Немного позже, когда уже окончательно поверил в ее летные качества, включил сержанта Липскую в ударную группу. Сам оттренировывал летчиков группы на одновременный мощный удар по строю "юнкерсов". Все "яки" фронтом, крыло к крылу, буквально врубались в ряды немецких бомбардировщиков. Те шарахались в стороны, опасаясь тарана, их боевой порядок нарушался, в нем образовывалась дыра, провал. И "яки" туда устремлялись. Они расходились веером, атаковывали шарахнувшихся, и вот уже падали сбитые "юнкерсы", возникала общая паника...
Ударная группа возвращалась на аэродром с победой.
Больше того-они чувствовали себя непобедимыми.
Может быть, летчиков подхлестывало сознание: среди них женщина! Каждому хотелось не уронить себя перед ней, а вместе с тем - сделать в бою больше, чем она.

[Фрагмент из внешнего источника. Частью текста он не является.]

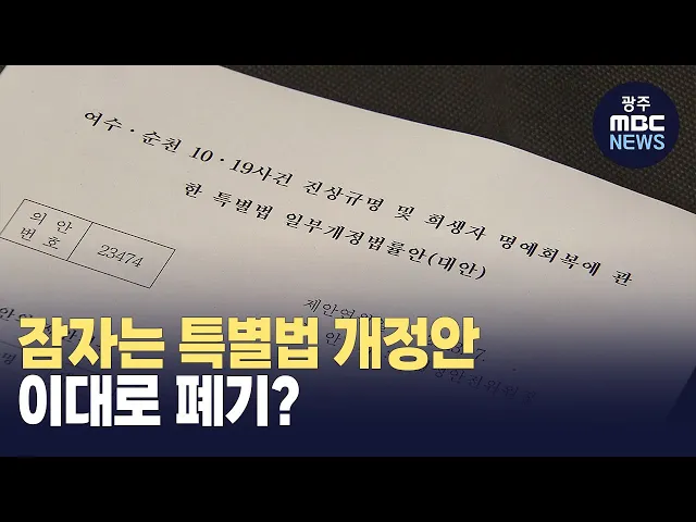 (앵커)21대 국회의 활동 기간이 6개월여밖에 남지 않았는데국회에 발의된 여순사건 특별법 개정안의 대부분이 처리되지 않고 있어 이대로 폐기되는 것 아니냐는 우려가 커지고 있습니다.문형철 기자입니다. (기자)여순사건 특별법 개정안입니다. 과거 진실화해위원회에서 피해 사실이 확인된 경우 등에는 따로 신고서를 제...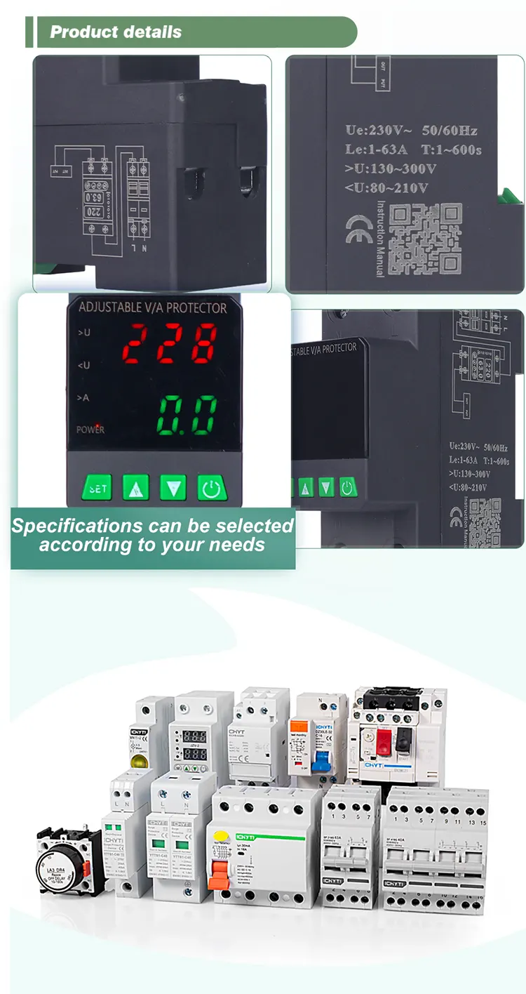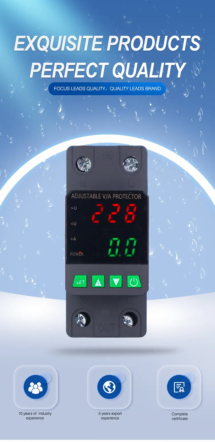 டிஜிட்டல் டிஸ்ப்ளே பொருத்தப்பட்ட மற்றும் இறக்குமதி செய்யப்பட்ட மட்டு மின்னணு கூறுகளுடன் தயாரிக்கப்படுகிறது, இது அதிக நம்பகத்தன்மை மற்றும் செயல்திறனைக் கொண்டுள்ளது. அசாதாரண மின்னழுத்தங்களின் போது (ஓவர்வோல்டேஜ், அண்டர்வோல்டேஜ் அல்லது கட்டம் ஏற்ற இறக்கங்கள் போன்றவை) பாதுகாப்பான் தானாகவே மற்றும் விரைவாக மின்சார விநியோகத்தை துண்டிக்கிறது மற்றும் மின்னழுத்தம் இயல்பு நிலைக்கு திரும்பிய பின் மின்சார விநியோகத்தை மீட்டெடுக்கிறது.

Ведь она слабее, менее опытна, недавно пришла в дивизию... А Лиза не уступала им, опытным. Пусть полковнику Строеву трудно бывало в бою, зато как радостно на разборе, когда он мог не кривя душой отмечать смелые, умные действия буквально каждого летчика группы. И сержанта Липской в том числе.

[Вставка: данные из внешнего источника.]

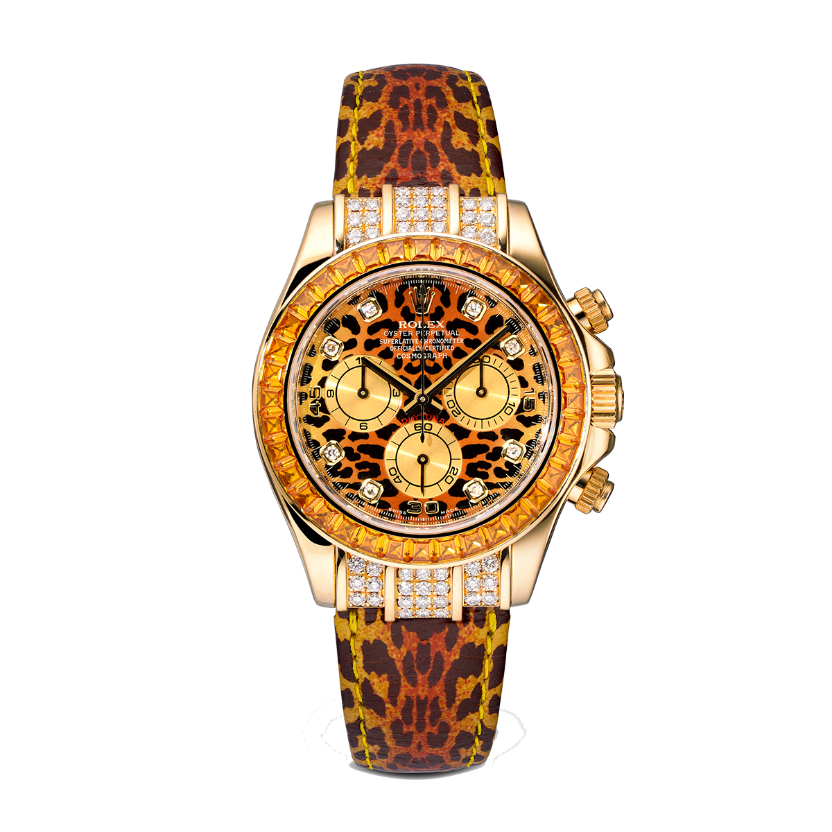 Daytona Leopard Custom оснащены двумя основными функциями: автоподзаводом и хронографом. Это делает их не только стильным аксессуаром, но и функциональным инструментом для тех, кто ценит точность и надежность. Сапфировое стекло обеспечивает отличную видимость циферблата, а водонепроницаемость на глубину до 100 метров делает их идеальными для любителей активного отдыха.

Почти всякий раз ему приходилось подчеркивать: вот тогда-то сержант (потом лейтенант) Липская вовремя отсекла (или просто пуганула) "мессера". И каждый раз Лиза вспыхивала. И долго румянец не сходил с ее смуглых щек. Но глаза продолжали смотреть сурово, недоступно, пока однажды Лиза сама не сбила "юнкерса".
Полковник Строев первым его атаковал, вышел из атаки, оглянулся... Немец продолжал полет как ни в чем не бывало. И вдруг клюнул и посыпался вниз, а из-за него лихим боевым разворотом вывернулся "як"
Липской. Арсений Борисович крикнул: "Сержант Липская, поздравляю с победой!"
И тут уж Лиза на разборе не краснела, стояла гордая своим успехом. Правда, улыбалась все же чуть смущенно, словно еще сама себе не до конца поверила. Но глаза смеялись так радостно... Не этим ли вначале и привлекла к себе? И какой-то истовостью, неиссякаемой верой в нашу победу... Не дожила! Раньше (под Великими Луками, в Сталинграде) летчики так часто погибали...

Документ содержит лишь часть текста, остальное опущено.